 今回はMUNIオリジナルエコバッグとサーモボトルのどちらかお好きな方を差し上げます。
━━━━━━
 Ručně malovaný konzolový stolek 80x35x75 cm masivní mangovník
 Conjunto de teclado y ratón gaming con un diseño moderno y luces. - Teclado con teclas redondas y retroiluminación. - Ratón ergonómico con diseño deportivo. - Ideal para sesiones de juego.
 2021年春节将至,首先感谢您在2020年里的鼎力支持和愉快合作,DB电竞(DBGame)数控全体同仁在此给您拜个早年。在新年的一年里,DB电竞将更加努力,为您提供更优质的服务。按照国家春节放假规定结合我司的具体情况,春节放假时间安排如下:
━━━━━━
## [Problem statement]
Beginning with the line that has "Ručně malovaný konzolový" and ending with the line that has "2021年春节将至,首先感谢", set down the lines above exactly and include no others.

## [Task output]
 Ručně malovaný konzolový stolek 80x35x75 cm masivní mangovník
 Conjunto de teclado y ratón gaming con un diseño moderno y luces. - Teclado con teclas redondas y retroiluminación. - Ratón ergonómico con diseño deportivo. - Ideal para sesiones de juego.
 2021年春节将至,首先感谢您在2020年里的鼎力支持和愉快合作,DB电竞(DBGame)数控全体同仁在此给您拜个早年。在新年的一年里,DB电竞将更加努力,为您提供更优质的服务。按照国家春节放假规定结合我司的具体情况,春节放假时间安排如下:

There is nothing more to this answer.